ABOUT THIS TASK
The needed output is the run of lines below from the one containing "A pistache skirt" through the one containing "當日,主持人陳健光進行了《嶺", copied exactly and free of pictures.

DATA SUPPLIED
══════
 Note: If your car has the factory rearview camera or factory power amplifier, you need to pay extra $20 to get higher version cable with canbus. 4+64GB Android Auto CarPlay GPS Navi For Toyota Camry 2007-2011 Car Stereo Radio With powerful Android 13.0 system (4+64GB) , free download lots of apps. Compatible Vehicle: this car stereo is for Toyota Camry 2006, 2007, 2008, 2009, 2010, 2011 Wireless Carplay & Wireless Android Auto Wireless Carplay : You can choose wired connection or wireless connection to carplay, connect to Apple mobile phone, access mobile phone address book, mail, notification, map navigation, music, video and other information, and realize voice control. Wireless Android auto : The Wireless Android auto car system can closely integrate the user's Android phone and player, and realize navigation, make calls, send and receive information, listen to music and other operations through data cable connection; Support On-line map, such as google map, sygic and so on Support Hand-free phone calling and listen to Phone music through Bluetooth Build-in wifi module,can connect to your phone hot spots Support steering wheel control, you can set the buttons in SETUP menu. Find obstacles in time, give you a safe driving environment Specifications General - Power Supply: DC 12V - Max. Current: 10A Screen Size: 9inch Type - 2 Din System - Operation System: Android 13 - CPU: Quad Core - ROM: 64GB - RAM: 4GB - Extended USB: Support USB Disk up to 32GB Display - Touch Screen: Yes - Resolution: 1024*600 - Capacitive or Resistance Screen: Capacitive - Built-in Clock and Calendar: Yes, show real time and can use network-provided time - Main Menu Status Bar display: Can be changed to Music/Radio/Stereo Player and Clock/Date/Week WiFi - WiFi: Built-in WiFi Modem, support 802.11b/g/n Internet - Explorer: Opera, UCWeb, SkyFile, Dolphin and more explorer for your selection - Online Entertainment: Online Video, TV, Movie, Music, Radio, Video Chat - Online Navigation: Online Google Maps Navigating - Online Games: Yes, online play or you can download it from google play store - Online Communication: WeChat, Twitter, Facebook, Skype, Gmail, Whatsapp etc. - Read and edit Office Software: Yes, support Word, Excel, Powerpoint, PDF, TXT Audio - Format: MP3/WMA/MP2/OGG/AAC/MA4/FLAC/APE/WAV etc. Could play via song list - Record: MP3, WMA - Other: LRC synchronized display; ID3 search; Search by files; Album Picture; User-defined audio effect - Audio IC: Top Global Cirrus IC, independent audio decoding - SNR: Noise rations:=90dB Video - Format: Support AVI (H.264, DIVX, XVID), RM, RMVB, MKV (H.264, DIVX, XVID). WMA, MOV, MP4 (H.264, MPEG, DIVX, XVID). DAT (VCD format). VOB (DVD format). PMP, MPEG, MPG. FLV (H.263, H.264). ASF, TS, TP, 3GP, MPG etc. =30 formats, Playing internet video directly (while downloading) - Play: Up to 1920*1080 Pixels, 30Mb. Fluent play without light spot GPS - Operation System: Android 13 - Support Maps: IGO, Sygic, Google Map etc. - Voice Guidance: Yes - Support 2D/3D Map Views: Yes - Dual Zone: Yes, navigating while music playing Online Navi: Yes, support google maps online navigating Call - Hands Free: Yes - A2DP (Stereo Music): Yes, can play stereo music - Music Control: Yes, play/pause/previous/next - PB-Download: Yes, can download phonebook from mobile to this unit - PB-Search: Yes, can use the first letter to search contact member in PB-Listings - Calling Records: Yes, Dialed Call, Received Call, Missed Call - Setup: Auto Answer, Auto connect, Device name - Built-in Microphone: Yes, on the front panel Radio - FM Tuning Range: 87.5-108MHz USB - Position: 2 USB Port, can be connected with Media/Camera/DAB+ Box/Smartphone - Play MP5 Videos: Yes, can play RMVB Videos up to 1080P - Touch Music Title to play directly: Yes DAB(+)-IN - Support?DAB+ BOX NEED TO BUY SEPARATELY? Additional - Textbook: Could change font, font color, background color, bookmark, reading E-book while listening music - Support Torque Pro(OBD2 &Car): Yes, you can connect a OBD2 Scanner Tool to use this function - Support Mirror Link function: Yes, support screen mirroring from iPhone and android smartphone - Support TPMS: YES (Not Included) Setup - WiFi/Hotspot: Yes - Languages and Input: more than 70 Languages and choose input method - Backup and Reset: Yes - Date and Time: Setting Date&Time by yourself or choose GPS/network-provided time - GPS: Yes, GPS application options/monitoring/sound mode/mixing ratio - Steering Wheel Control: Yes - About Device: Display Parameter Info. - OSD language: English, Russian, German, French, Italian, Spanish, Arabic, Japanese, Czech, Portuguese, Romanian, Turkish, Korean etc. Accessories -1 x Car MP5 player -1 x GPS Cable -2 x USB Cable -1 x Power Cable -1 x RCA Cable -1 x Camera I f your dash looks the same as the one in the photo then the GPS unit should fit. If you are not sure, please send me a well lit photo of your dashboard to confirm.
══════
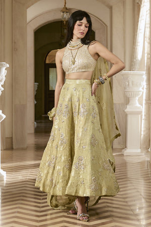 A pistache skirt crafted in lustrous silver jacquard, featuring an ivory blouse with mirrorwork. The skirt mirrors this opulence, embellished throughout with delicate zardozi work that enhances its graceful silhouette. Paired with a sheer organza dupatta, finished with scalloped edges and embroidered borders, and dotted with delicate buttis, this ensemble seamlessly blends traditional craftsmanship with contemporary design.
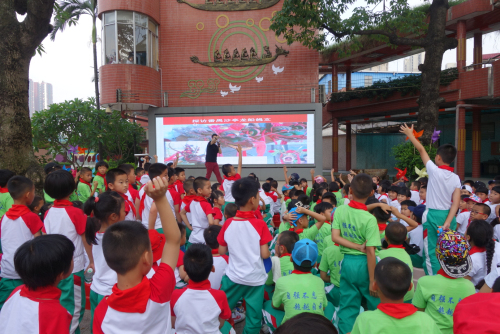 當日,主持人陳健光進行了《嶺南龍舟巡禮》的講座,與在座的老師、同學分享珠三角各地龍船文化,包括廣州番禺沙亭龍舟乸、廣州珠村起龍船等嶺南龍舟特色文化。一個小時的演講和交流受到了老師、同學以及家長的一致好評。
══════
ANSWER SECTION
 A pistache skirt crafted in lustrous silver jacquard, featuring an ivory blouse with mirrorwork. The skirt mirrors this opulence, embellished throughout with delicate zardozi work that enhances its graceful silhouette. Paired with a sheer organza dupatta, finished with scalloped edges and embroidered borders, and dotted with delicate buttis, this ensemble seamlessly blends traditional craftsmanship with contemporary design.
 當日,主持人陳健光進行了《嶺南龍舟巡禮》的講座,與在座的老師、同學分享珠三角各地龍船文化,包括廣州番禺沙亭龍舟乸、廣州珠村起龍船等嶺南龍舟特色文化。一個小時的演講和交流受到了老師、同學以及家長的一致好評。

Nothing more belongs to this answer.